▶ [Exercise objective]
Once the line with "Quests - complete" is found, write it out along with each later line exactly, through the end of the entries, skipping every picture.

▶ [Supplied data]

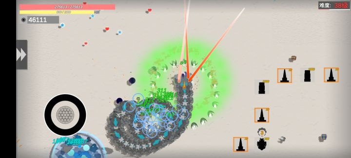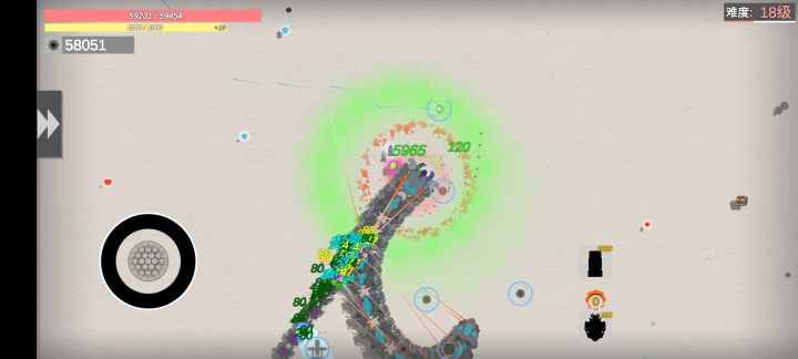 目前的情况是一堆维修无人机负责加血(到底加没加上看不清),燃烧的热能装甲负责输出,60关前秒坦克伤害将近十万血,60关之后不知道为啥坦克血量变少了,一千多就把他秒了,虫王一出现也是直接秒掉。武器只要几个激光(其他的回能量慢)不需要战斗的无人机
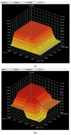 Figure 9 shows the block diagram of the constructed model, as well as Gaussian membership functions of VSRost (VSRsv similarly) and Cij and the output variable SumVBR. Gaussian fuzzification is most consistent with the stochastic version of the problem. The parameters of the Gaussian terms were determined according to the authors’ expert estimates based on their practical work with surveillance camera data.
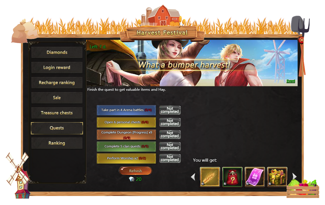 Quests - complete daily quest to receive lots of gifts!
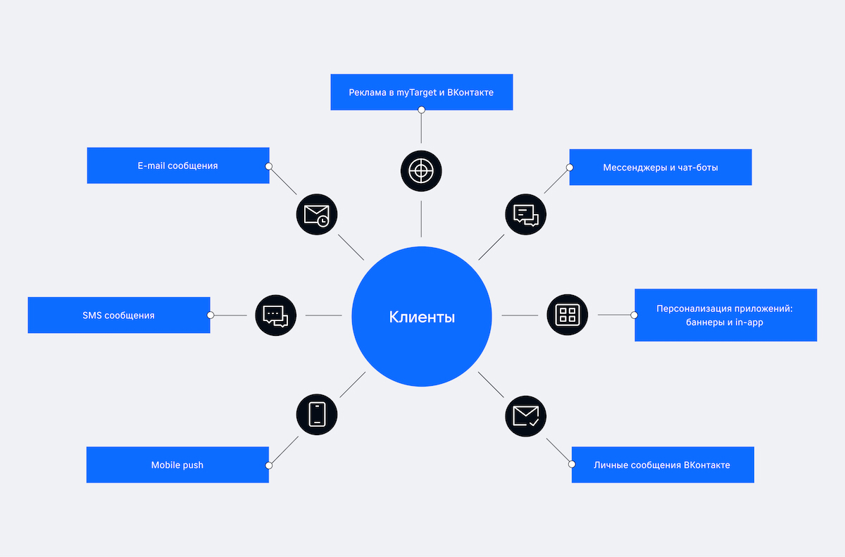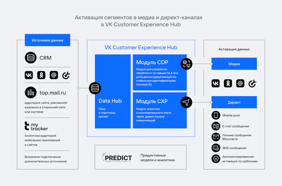 Платформа позволяет управлять всеми рассылками и запускать таргет через ВК и myTarget. VK Customer Experience Hub также интегрирован с Predict и VK Чекбэк.
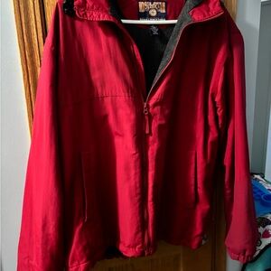 Durable outerwear by Duluth Trading Co. Features a charcoal body with dark red accents. Ideal for rugged use. Very soft and comfortable to wear but also keeps you warm. Adjustable waist and hood. In excellent condition.
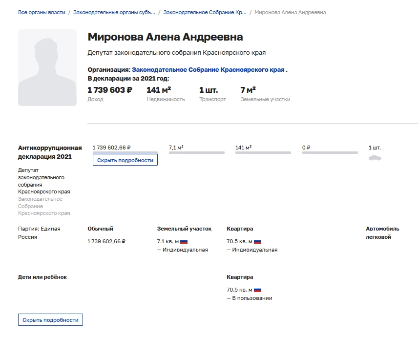 Согласно сайту «Декларации России» за 2021 год у депутата Заксобрания Алёны Мироновой доход составил миллион 739 тысяч рублей. Также в списке числится недвижимость, автомобиль и земельный участок. Квартира есть и у ребёнка Мироновой.
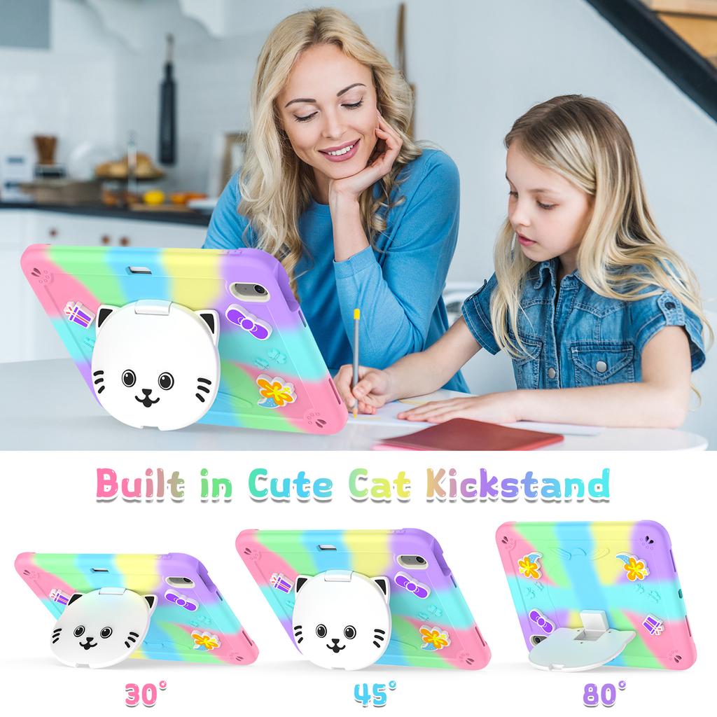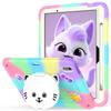 For iPad Air 11 (2025)/(2024) Case with Cat Kickstand PC + Silicone Colorful Tablet Cover

▶ [Response]
 Quests - complete daily quest to receive lots of gifts!
 Платформа позволяет управлять всеми рассылками и запускать таргет через ВК и myTarget. VK Customer Experience Hub также интегрирован с Predict и VK Чекбэк.
 Durable outerwear by Duluth Trading Co. Features a charcoal body with dark red accents. Ideal for rugged use. Very soft and comfortable to wear but also keeps you warm. Adjustable waist and hood. In excellent condition.
 Согласно сайту «Декларации России» за 2021 год у депутата Заксобрания Алёны Мироновой доход составил миллион 739 тысяч рублей. Также в списке числится недвижимость, автомобиль и земельный участок. Квартира есть и у ребёнка Мироновой.
 For iPad Air 11 (2025)/(2024) Case with Cat Kickstand PC + Silicone Colorful Tablet Cover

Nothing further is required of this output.